Liberalised Remittance Scheme
- 18 Sep 2019
- 5 min read
India has witnessed its highest-ever monthly outflow of $1.69 billion under the Liberalised Remittance Scheme (LRS) in July 2019.
- The outflow of funds by resident Indians under LRS over the last five years has almost negated the inflow of funds by Foreign Portfolio Investors (FPIs) in the same period.
- The sharp rise in the outflow of funds under LRS scheme over the last five years indicates the flight of capital from the country.
Liberalised Remittance Scheme
- This is the scheme of the Reserve Bank of India, introduced in the year 2004.
- Under the scheme, all resident individuals, including minors, are allowed to freely remit up to USD 2,50,000 per financial year (April – March) for any permissible current or capital account transaction or a combination of both.
- Not Eligible: The Scheme is not available to corporations, partnership firms, Hindu Undivided Family (HUF), Trusts etc.
- Though there are no restrictions on the frequency of remittances under LRS, once a remittance is made for an amount up to USD 2,50,000 during the financial year, a resident individual would not be eligible to make any further remittances under this scheme.
- Remitted Money can be used for:
- Expenses related to travelling (private or for business), medical treatment, study, gifts and donations, maintenance of close relatives and so on.
- Investment in shares, debt instruments, and buy immovable properties in the overseas market.
- Individuals can also open, maintain and hold foreign currency accounts with banks outside India for carrying out transactions permitted under the scheme.
- Prohibited Transactions:
- Any purpose specifically prohibited under Schedule-I (like the purchase of lottery tickets, proscribed magazines, etc.) or any item restricted under Schedule II of Foreign Exchange Management (Current Account Transactions) Rules, 2000.
- Trading in foreign exchange abroad.
- Capital account remittances, directly or indirectly, to countries identified by the Financial Action Task Force (FATF) as “non- cooperative countries and territories”, from time to time.
- Remittances directly or indirectly to those individuals and entities identified as posing a significant risk of committing acts of terrorism as advised separately by the Reserve Bank to the banks.
- Requirements: It is mandatory for the resident individual to provide his/her Permanent Account Number (PAN) for all transactions under LRS made through Authorized Persons.

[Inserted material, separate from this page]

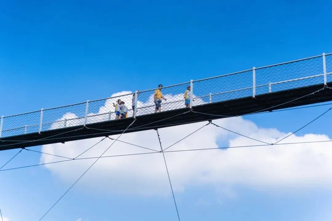 【空中自行车】你在自行车上看风景,看风景的人也正在桥上看你~设置在水晶廊桥上方的空中自行车,刺激大幅升级,你与悬崖的距离就只剩一条钢索,最大程度挑战你的胆量!

Foreign Exchange Management Act, 1999
- The legal framework for the administration of foreign exchange transactions in India is provided by the Foreign Exchange Management Act, 1999.
- Under the FEMA, which came into force with effect from 1st June 2000, all transactions involving foreign exchange have been classified either as capital or current account transactions.
- Current Account Transactions: All transactions undertaken by a resident that do not alter his / her assets or liabilities, including contingent liabilities, outside India are current account transactions.
- Example: payment in connection with foreign trade, expenses in connection with foreign travel, education etc.
- Capital Account Transactions: It includes those transactions which are undertaken by a resident of India such that his/her assets or liabilities outside India are altered (either increased or decreased).
- Example: investment in foreign securities, acquisition of immovable property outside India etc.
- Resident Indians: A 'person resident in India' is defined in Section 2(v) of FEMA, 1999 as :
- Barring few exceptions, a person residing in India for more than 182 days during the course of the preceding financial year.
- Any person or body corporate registered or incorporated in India.
- An office, branch or agency in India owned or controlled by a person resident outside India.
- An office, branch or agency outside India owned or controlled by a person resident in India.